Um möglichst vielen Personen ein Impfangebot zu ermöglichen, arbeitet die Bundesregierung derweil an einem Konzept, das schon bald in Kraft treten soll: Ab April sollen Impfungen auch in den rund 100.000 Arztpraxen in Deutschland möglich sein – vorausgesetzt es gibt genügend Dosen. Damit könnten fünfmal mehr Menschen pro Woche von ihrem Hausarzt geimpft werden als in den bundesweit 400 Zentren.

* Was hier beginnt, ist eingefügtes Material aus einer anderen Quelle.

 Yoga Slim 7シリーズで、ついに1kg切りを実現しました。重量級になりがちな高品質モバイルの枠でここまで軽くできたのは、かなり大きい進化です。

„Gegen ein solches Modell ist nichts einzuwenden“, sagt Dr. Thomas Gehrke, Leiter des Eiserfelder Impfzentrums. Er selbst habe auch schon oft über Möglichkeiten nachgedacht, das Impfszenario zu flexibilisieren. „Man muss sich dabei nur die Frage stellen, wie das logistisch gestemmt werden kann.“

Gehrke gegen Schwerpunktpraxen

Aus seiner Sicht sollte der Impfstoff weiterhin in die Zentren bestellt und von dort aus an die einzelnen Hausärzte weitervermittelt werden. „Irgendwo muss die Kontrolle bleiben“, findet Gehrke.

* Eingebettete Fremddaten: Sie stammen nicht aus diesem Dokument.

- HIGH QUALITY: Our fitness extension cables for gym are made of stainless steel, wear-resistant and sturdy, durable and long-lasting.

Auch der Hausärzteverband Westfalen-Lippe empfiehlt eine enge Zusammenarbeit sowie Schwerpunktpraxen – aber genau darin sieht Gehrke eine gewisse Problematik. „Dadurch entsteht eine Konkurrenzsituation unter den Hausärzten“, konkretisiert der Mediziner seine Bedenken. „Denn ich kann mir nicht vorstellen, dass man den Impfstoff jedem Hausarzt an die Hand geben wird.“ Praxen, in denen AstraZeneca verimpft werden würde, hätten folglich einen gewissen Wettbewerbsvorteil.

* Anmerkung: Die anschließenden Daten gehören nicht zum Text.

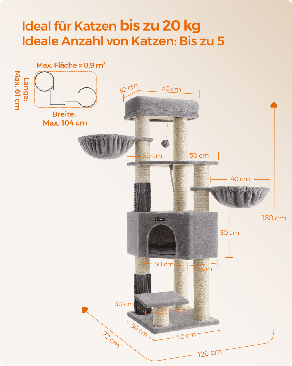 • Extra nagy, stabil szerkezet nagyméretű macskáknak

Landrat Melcher: „Ich lasse mich impfen“ Im Kreis Olpe ist die Situation, dass im Impfzentrum der für die Über-80-Jährigen verwendete Impfstoff von Biontech und Pfizer nicht schnell genug geliefert werden kann, das Vakzin von AstraZeneca indes quasi zum Ladenhüter wird. Andreas Sprenger, Organisatorischer Leiter des Impfzentrums des Kreises Olpe in Attendorn, berichtet, der AstraZeneca-Impfstoff werde von der Zielgruppe nicht angenommen. Eine weitere große Lieferung sei angekündigt, „das verstärkt das Problem. Eine erstaunliche Zurückhaltung gibt es auch in der Ärzteschaft, was die Bereitschaft angeht, sich damit impfen zu lassen. Aber es gibt keine Wunschliste. Wer unter 65 ist, bekommt AstraZeneca. So ist die Erlasslage.“ Landrat Theo Melcher appelliert, die Chance einer Impfung nicht aus Angst vor dem Impfstoff verstreichen zu lassen: „Ich werde mich, sobald ich an der Reihe bin, impfen lassen, und auch mit AstraZeneca, wenn das dann für mich vorgesehen ist.“ Seit Jahren ließen sich Millionen von Deutschen mit Grippeimpfstoffen spritzen, die eine niedrigere Immunisierungsquote aufwiesen als das AstraZeneca-Vakzin, „und damit hat niemand ein Problem. Das ist rational nicht erklärbar“.